This study aims to investigate the impact of coating and lamination processes, as well as subsequent deinking, with respect to the amount of metal residues remaining in deinked pulp that may be carried over into new recycled paper products. Furthermore, the obtained results and discussion presented in this research provide novel insights into the deinking flotation process and its impact on the extraction of metal impurities from recycled paperboard.

2. Materials and Methods

2.1. Preparation of Coated Samples

In the present study, we investigate the metal composition of laboratory-made cellulose-based samples derived from non-coated and coated paper prints simulating Chromo cardboard (CG2) printing intended for pharmaceutical packaging [8,25,57]. The base material was laboratory-made hand sheets with a typical weight of 280 g/m² and a thickness of 0.52 mm. The printing substrate was a paper coated with an acrylic polymer, simulating the production of GC2, which is typically coated on the front side and produced in various weights and thicknesses, and used for diverse applications, including hinge-lid boxes, pillow boxes, and counter displays [61].

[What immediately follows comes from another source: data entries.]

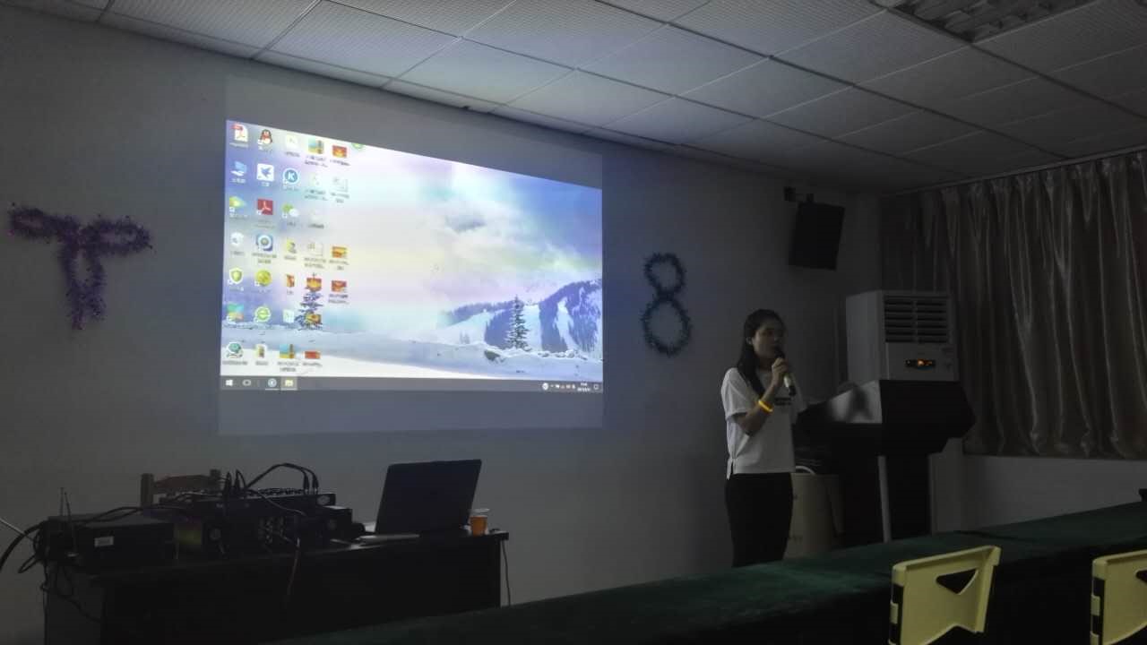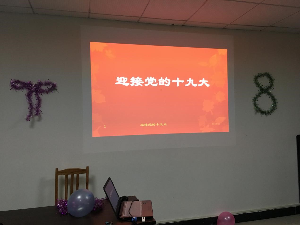 本次班会共有三个环节,首先第一个环节是关于十九大的知识普及,由我班团支书进行主持。她将提前做好的PPT放到投影幕上,图文结合,向同学们一一讲述了十九大的会议背景、会议议程、会议要点,并展示脱贫攻坚,反恐工作,振奋精神真抓实干等一系列各地区迎接十九大的活动。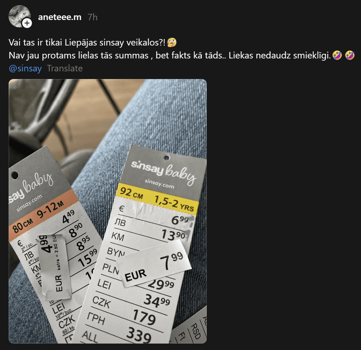 “Vai tas ir tikai Liepājas “Sinsay” veikalos?! Nav jau, protams, lielas tās summas, bet fakts kā tāds.. Liekas nedaudz smieklīgi,” ar pieredzēto dalās Anete. Viņas publicētajā fotogrāfijā redzams, kā uz “Sinsay” cenu birkām pa virsu ir uzlīmētas jaunas – augstāku cenu uzlīmes.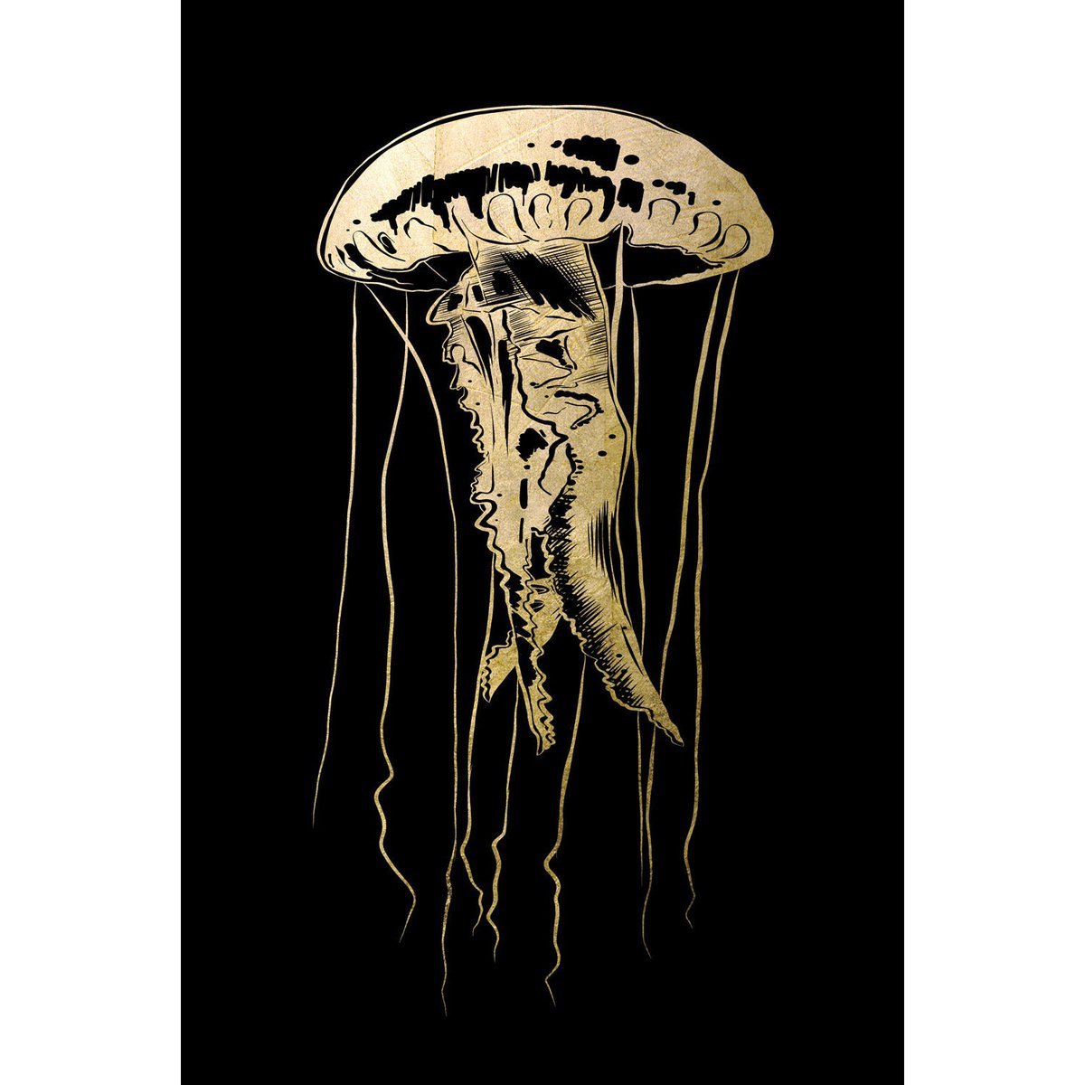 Ein Hauch von Luxus trifft auf die Magie der Tiefsee – unser Kunstwerk auf Blattgold vereint das Schimmern des Ozeans mit der Eleganz der Nacht. Die zarte Qualle auf schwarzem Hintergrund wirkt beinahe wie ein Wesen aus einer anderen Welt, das in ihrem Raum zu schweben scheint.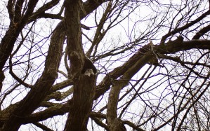While walking the dog at a city park, we saw a couple standing together, looking up to a tree together and smiling together. Our dog started playing with their dog, so we paused next to them. They, without looking away from the tree, told us that there was an owl up there.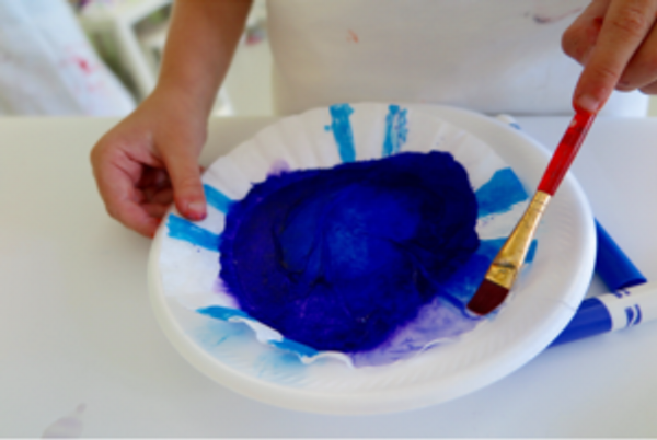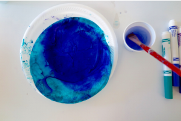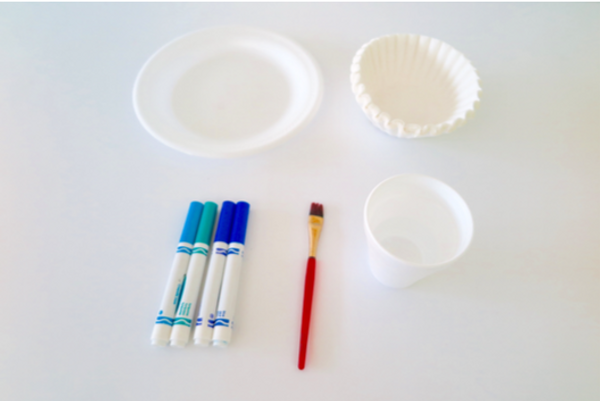 To begin Phase 1 of the project, you will need a coffee filter, blue markers, a paintbrush, a cup of water, and a plate. The plate is very important because it will catch the excess water.

The paper substrate used in this research complied with standards for food and pharmaceutical products, confirming that it did not contain elevated levels of metals or other hazardous substances, which was the primary focus of this research [54,55,60]. The substrate was designed as a typical product used in modern packaging, comprising a mixture of 50% virgin cellulose pulp fibers and 50% recycled pulp fibers [62,63]. Recycled pulp fibers were obtained from printed coated paper that was deinked and repulped. Deinking was carried out by soaking the paper overnight in water containing 2 w/w% sodium sulfate (Na₂SO₄) relative to the mass of the bone-dry paper, which enhanced the removal of coating and ink particles. The soaked paper was then mixed, subjected to five washing cycles with water, and finally disintegrated by high-shear homogenization [63,64].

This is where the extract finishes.